There are several limitations to this study. First, since the study had a cross-sectional design, it could only examine the causal relationships between variables. Further longitudinal studies are needed to infer causality. Second, the sample size of this study was small; this limits the applicability of the results and weakens the statistical power. Longitudinal empirical studies with large samples are required to determine causal relationships and the differences between variables. Third, all data collected were through self-reported questionnaires, which inevitably produces reporting bias. This study is quantitative; a qualitative exploration is necessary to ensure a deeper understanding of the influence of psychological capital among nursing students.

Conclusions

Overall, psychological distress and psychological capital are directly related to perceived stress, and psychological capital is negatively correlated with perceived stress. The results of the mediating effect analysis showed that psychological capital is a partial mediator between psychological distress and perceived stress. Educators should therefore heed students’ perceived stress and develop appropriate mental health counselling programmes for students in the curriculum that could help them reduce their psychological distress. In clinical practice, nursing managers must take effective measures, such as skills training, to improve the psychological capital of nursing students and reduce the negative impact of their psychological distress.

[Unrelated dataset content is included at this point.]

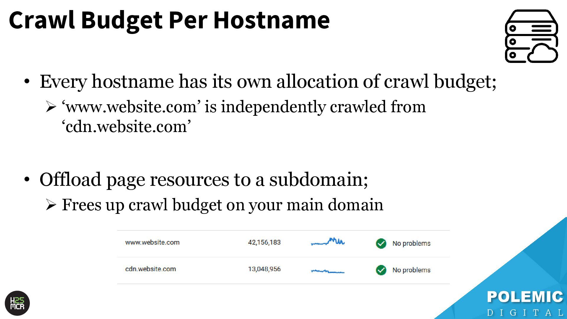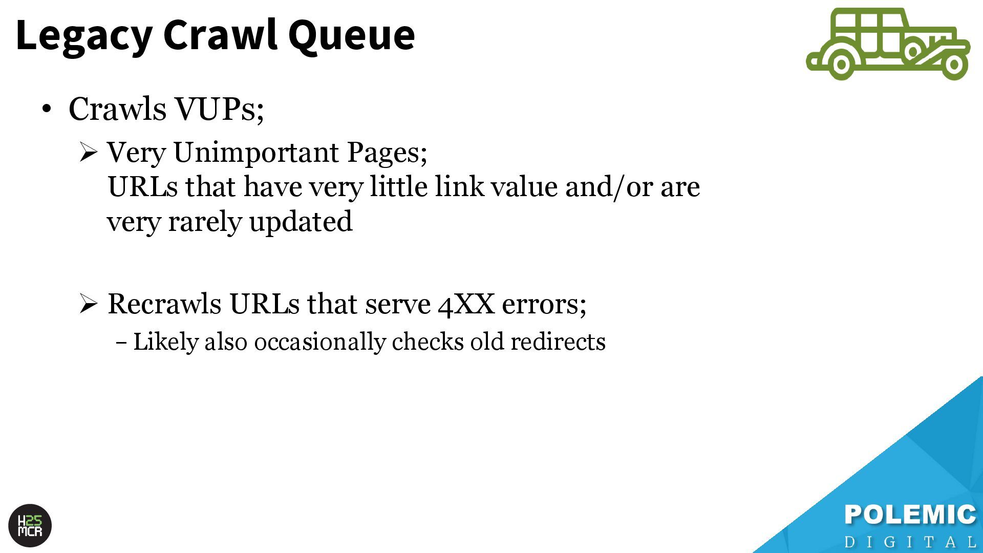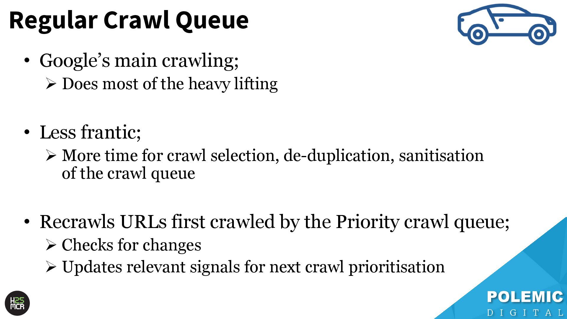 Slides from my May 2025 talk at Hive MCR in Manchester. I spoke about the technical SEO foundations of Googlebot crawling, some theories on different levels of crawl queues, and tips on maximising crawl efficiency.

The psychological capital intervention (PCI) model [56] provides guidelines to develop self-efficacy, hope, resilience, and optimism. Through PCI training, self-efficacy in nursing students may be ameliorated, further allowing them to experience success and realise their targets through partner encouragement. Resilience may be enhanced by encouraging nursing students to exercise their ability to forecast and manage setbacks related to personal goal setting or other work events. Positive meditation can be offered to reduce stress and increase positive thinking in nursing students who are experiencing stress. Accordingly, our findings provide important insights that can be applied to future research on mental health resources for nursing students [57].